# What to do:
Write out the data that follows. Keep every character unchanged.

# Available data:
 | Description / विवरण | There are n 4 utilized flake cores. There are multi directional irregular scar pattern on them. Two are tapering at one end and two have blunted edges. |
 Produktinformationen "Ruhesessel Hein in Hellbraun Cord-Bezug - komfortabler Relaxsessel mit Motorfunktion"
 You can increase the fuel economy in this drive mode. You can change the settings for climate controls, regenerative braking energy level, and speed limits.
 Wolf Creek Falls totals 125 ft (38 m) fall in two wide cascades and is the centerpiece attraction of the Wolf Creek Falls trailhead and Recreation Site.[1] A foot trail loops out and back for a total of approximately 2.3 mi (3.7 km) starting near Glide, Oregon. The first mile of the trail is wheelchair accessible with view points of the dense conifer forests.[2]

# Final answer:
 | Description / विवरण | There are n 4 utilized flake cores. There are multi directional irregular scar pattern on them. Two are tapering at one end and two have blunted edges. |
 Produktinformationen "Ruhesessel Hein in Hellbraun Cord-Bezug - komfortabler Relaxsessel mit Motorfunktion"
 You can increase the fuel economy in this drive mode. You can change the settings for climate controls, regenerative braking energy level, and speed limits.
 Wolf Creek Falls totals 125 ft (38 m) fall in two wide cascades and is the centerpiece attraction of the Wolf Creek Falls trailhead and Recreation Site.[1] A foot trail loops out and back for a total of approximately 2.3 mi (3.7 km) starting near Glide, Oregon. The first mile of the trail is wheelchair accessible with view points of the dense conifer forests.[2]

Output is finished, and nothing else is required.